9.1.5. Storage¶

Storages for storing extracted features.

class junifer.storage.BaseFeatureStorage(uri, storage_types, single_output=True)¶

Abstract base class for feature storage.

For every interface that is required, one needs to provide a concrete implementation of this abstract class.

Parameters:

uristr or pathlib.Path: The path to the storage.
storage_typesstr or list of str: The available storage types for the class.
single_outputbool, optional: Whether to have single output (default True).

Raises:

ValueError: If required storage type(s) is(are) missing from storage_types.

abstract collect()¶

Collect data.

get_valid_inputs()¶

Get valid storage types for input.

Returns:

list of str: The list of storage types that can be used as input for this storage interface.

abstract list_features()¶

List the features in the storage.

Returns:

dict: List of features in the storage. The keys are the feature MD5 to be used in read_df() and the values are the metadata of each feature.

abstract read(feature_name=None, feature_md5=None)¶

Read stored feature.

Parameters:

feature_namestr, optional: Name of the feature to read (default None).
feature_md5str, optional: MD5 hash of the feature to read (default None).

Returns:

dict: The stored feature as a dictionary.

abstract read_df(feature_name=None, feature_md5=None)¶

Read feature into a pandas DataFrame.

Parameters:

feature_namestr, optional: Name of the feature to read (default None).
feature_md5str, optional: MD5 hash of the feature to read (default None).

Returns:

pandas.DataFrame: The features as a dataframe.

store(kind, **kwargs)¶

Store extracted features data.

Parameters:

kind{“matrix”, “timeseries”, “vector”, “scalar_table”}: The storage kind.
**kwargs: The keyword arguments.

Raises:

ValueError: If kind is invalid.

store_matrix(meta_md5, element, data, col_names=None, row_names=None, matrix_kind='full', diagonal=True)¶

Store matrix.

Parameters:

meta_md5str

The metadata MD5 hash.

elementdict

The element as a dictionary.

datanumpy.ndarray

The matrix data to store.

col_nameslist or tuple of str, optional

The column labels (default None).

row_namesstr, optional

The row labels (default None).

matrix_kindstr, optional

The kind of matrix:

triu : store upper triangular only
tril : store lower triangular
full : full matrix

(default “full”).

diagonalbool, optional

Whether to store the diagonal. If matrix_kind = full, setting this to False will raise an error (default True).
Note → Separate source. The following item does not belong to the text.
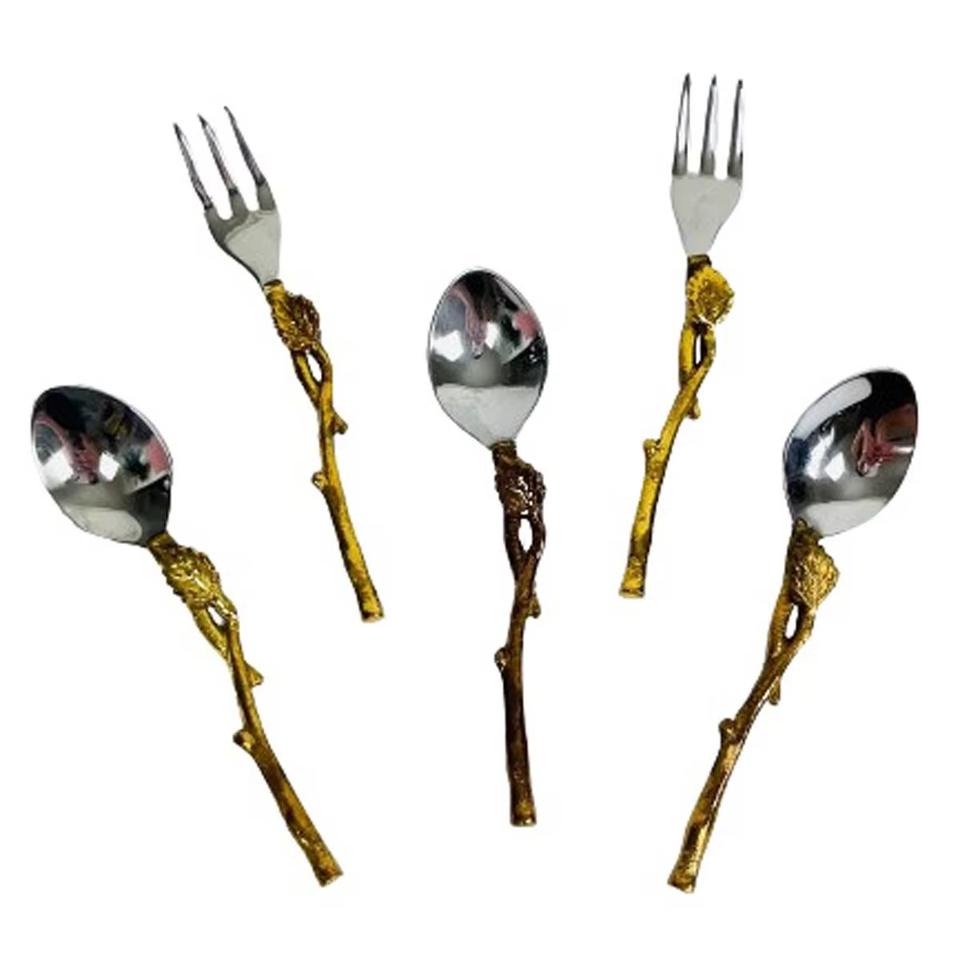 Stainless Steel Set Of 5 Flatware Ideal For Kitchen Tabletop Dining Home Use Gold Color Plated Cutlery Metal Designer Handle

abstract store_metadata(meta_md5, element, meta)¶

Store metadata.

Parameters:

meta_md5str: The metadata MD5 hash.
elementdict: The element as a dictionary.
metadict: The metadata as a dictionary.

store_scalar_table(meta_md5, element, data, col_names=None, row_names=None, row_header_col_name='feature')¶

Store table with scalar values.

Parameters:

meta_md5str: The metadata MD5 hash.
elementdict: The element as a dictionary.
datanumpy.ndarray: The timeseries data to store.
col_nameslist or tuple of str, optional: The column labels (default None).
row_namesstr, optional: The row labels (default None).
row_header_col_namestr, optional: The column name for the row header column (default “feature”).
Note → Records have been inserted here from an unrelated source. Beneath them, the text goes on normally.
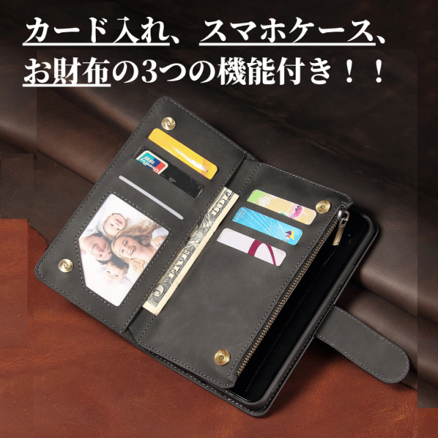Xiaomi ケース 手帳型 お財布 レザー カードケース ジップファスナー収納付 スマホケース 手帳 シャオミ レッドミ Xiaomi 14T 14T Pro 13T 13T Pro 12T 12T Pro Redmi Note 13 Pro 5G Note 11 Pro 5G 12 5G 14C 13C 12C ブラック
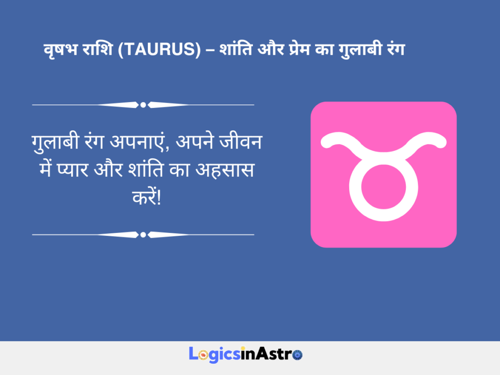 वृषभ राशि शुक्र ग्रह द्वारा शासित होती है, जो सौंदर्य, प्रेम और सुख-समृद्धि का प्रतीक है। गुलाबी रंग वृषभ राशि के लोगों के लिए विशेष रूप से शुभ होता है, क्योंकि यह कोमलता, स्थिरता और सौम्यता को बढ़ाता है।
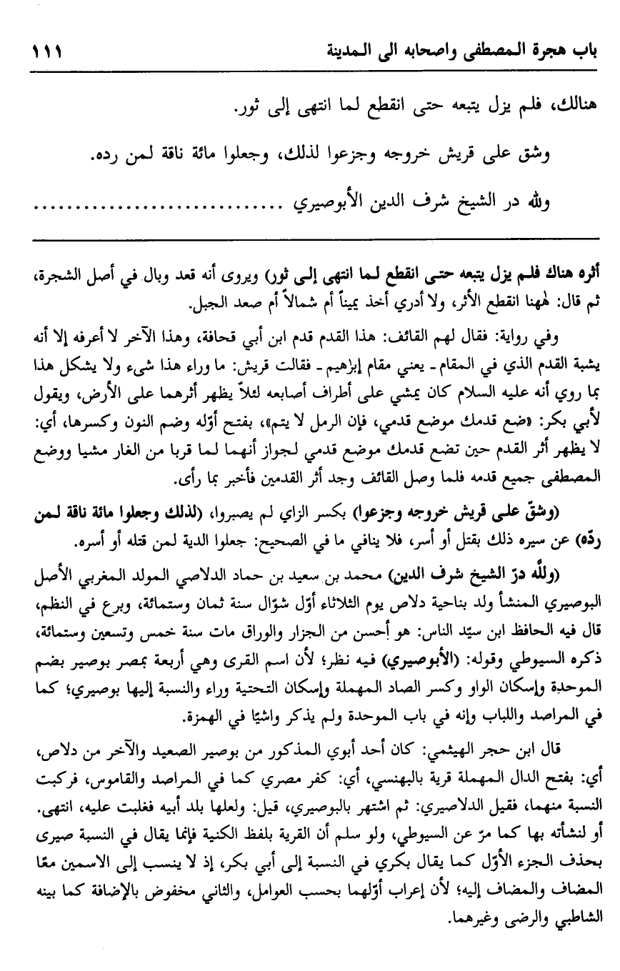 "ولله در الشيخ شرف الدين" محمد بن سعيد بن حماد الدلاصي المولد المغربي الأصل البوصيري المنشأ ولد بناحية دلاص يوم الثلاثاء أول شوال سنة ثمان وستمائة، وبرع في النظم، قال فيه الحافظ ابن سيد الناس: هو أحسن من الجزار والوراق مات سنة خمس وتسعين وستمائة، ذكره السيوطي وقوله: "الأبوصيري" فيه نظر؛ لأن اسم القرى وهي أربعة بمصر بوصير بضم الموحدة وإسكان الواو وكسر الصاد المهملة وإسكان التحتية وراء والنسبة إليها بوصيري؛ كما في المراصد واللباب وإنه في باب الموحدة ولم يذكر واشيا في الهمزة.
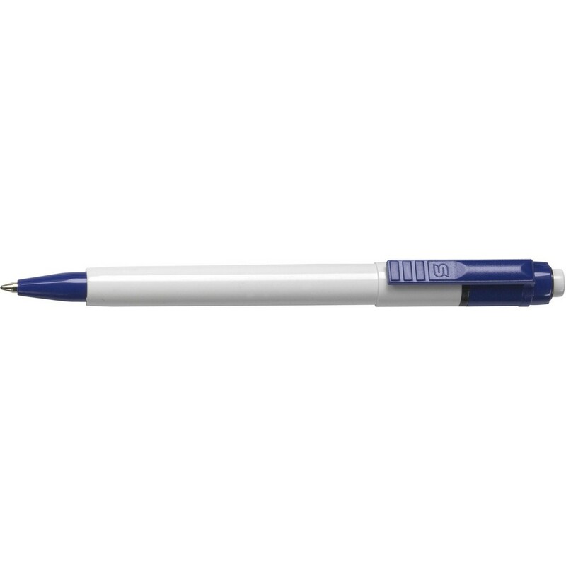 Długopis Stilolinea Baron z wkładem jumbo, biały trzon, kolorowy klips, wkład w niebieskim kolorze, zawiera tusz German Dokumental Ink, produkt wykonany z ABS, plastiku i metalu

store_timeseries(meta_md5, element, data, col_names=None)¶

Store timeseries.

Parameters:

meta_md5str: The metadata MD5 hash.
elementdict: The element as a dictionary.
datanumpy.ndarray: The timeseries data to store.
col_nameslist or tuple of str, optional: The column labels (default None).
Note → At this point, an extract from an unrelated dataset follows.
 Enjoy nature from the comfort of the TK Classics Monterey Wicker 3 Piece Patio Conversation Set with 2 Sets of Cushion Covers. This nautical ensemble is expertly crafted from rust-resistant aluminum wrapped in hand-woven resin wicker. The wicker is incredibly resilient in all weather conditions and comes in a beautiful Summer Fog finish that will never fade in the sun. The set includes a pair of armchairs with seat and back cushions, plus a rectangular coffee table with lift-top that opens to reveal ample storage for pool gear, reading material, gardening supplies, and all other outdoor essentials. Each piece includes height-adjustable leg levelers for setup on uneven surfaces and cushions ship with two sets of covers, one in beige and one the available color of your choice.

store_vector(meta_md5, element, data, col_names=None)¶

Store vector.

Parameters:

meta_md5str: The metadata MD5 hash.
elementdict: The element as a dictionary.
datanumpy.ndarray or list: The vector data to store.
col_nameslist or tuple of str, optional: The column labels (default None).

validate(input_)¶

Validate the input to the pipeline step.

Parameters:

input_list of str: The input to the pipeline step.

Raises:

ValueError: If the input_ is invalid.

class junifer.storage.HDF5FeatureStorage(uri, single_output=True, overwrite='update', compression=7, force_float32=True, chunk_size=100)¶

Concrete implementation for feature storage via HDF5.

Parameters:

uristr or pathlib.Path: The path to the file to be used.
single_outputbool, optional: If False, will create one HDF5 file per element. The name of the file will be prefixed with the respective element. If True, will create only one HDF5 file as specified in the uri and store all the elements in the same file. Concurrent writes should be handled with care (default True).
overwritebool or “update”, optional: Whether to overwrite existing file. If True, will overwrite and if “update”, will update existing entry or append (default “update”).
compression{0-9}, optional: Level of gzip compression: 0 (lowest) to 9 (highest) (default 7).
force_float32bool, optional: Whether to force casting of numpy.ndarray values to float32 if float64 values are found (default True).
chunk_sizeint, optional: The chunk size to use when collecting data from element files in collect(). If the file count is smaller than the value, the minimum is used (default 100).